### What the task asks:
Every line of the data below is to be given again as it appears, with the images removed.

### The data:
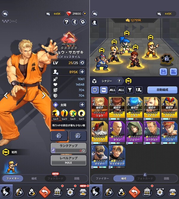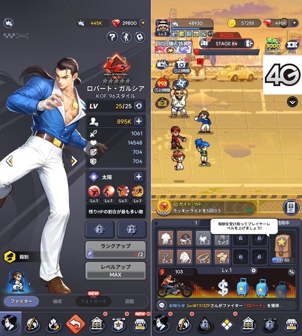 '킹오파 AFK'는 SNK의 인기 격투 게임 '더 킹 오브 파이터즈'의 파이터들을 소재로 한 방치형 RPG다. 캐릭터는 고해상도 일러스트로 그려지는 동시에, 옛날 팬들에게는 추억을 불러일으키는 픽셀 도트 그래픽으로 표현되어, '새로움'과 '추억'을 동시에 실현하고 있다.
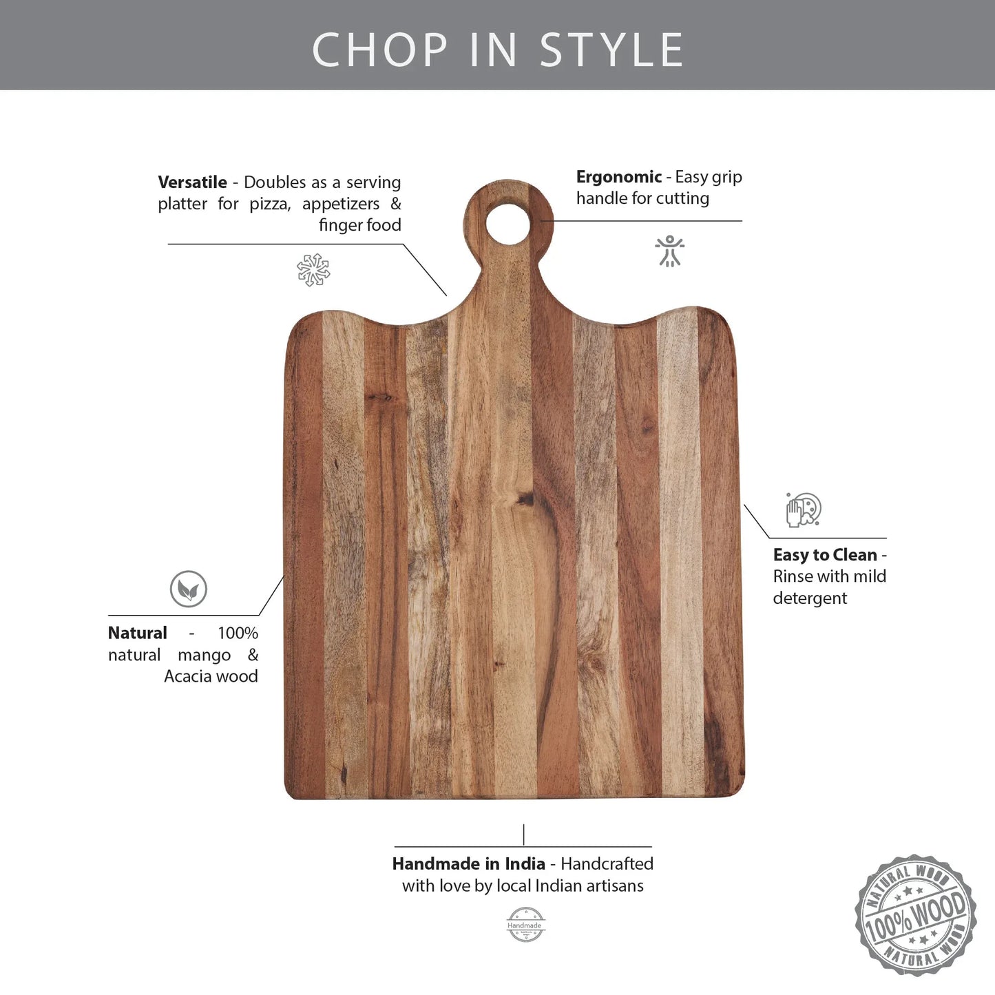 - Nothing lends inspiration in the kitchen like our range of Tuscany chopping boards. Handmade with 100 natural Indian oak & Acacia wood, these products can be used as serving platters, cheese-butter boards or even just as aesthetic bases for your food photos. The natural wood lends its antibacterial properties to the chopping board for healthier cooking & the robust build ensures that this product serves you for a long time to come.
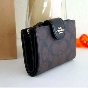 NWT Coach Medium Corner Zip Wallet In Signature Canvas
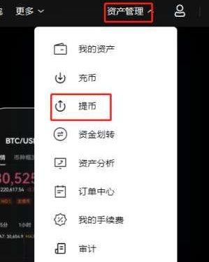 6、在首页点击【资产管理】选择【提币】进入提现页面

### Answer box:
 '킹오파 AFK'는 SNK의 인기 격투 게임 '더 킹 오브 파이터즈'의 파이터들을 소재로 한 방치형 RPG다. 캐릭터는 고해상도 일러스트로 그려지는 동시에, 옛날 팬들에게는 추억을 불러일으키는 픽셀 도트 그래픽으로 표현되어, '새로움'과 '추억'을 동시에 실현하고 있다.
 - Nothing lends inspiration in the kitchen like our range of Tuscany chopping boards. Handmade with 100 natural Indian oak & Acacia wood, these products can be used as serving platters, cheese-butter boards or even just as aesthetic bases for your food photos. The natural wood lends its antibacterial properties to the chopping board for healthier cooking & the robust build ensures that this product serves you for a long time to come.
 NWT Coach Medium Corner Zip Wallet In Signature Canvas
 6、在首页点击【资产管理】选择【提币】进入提现页面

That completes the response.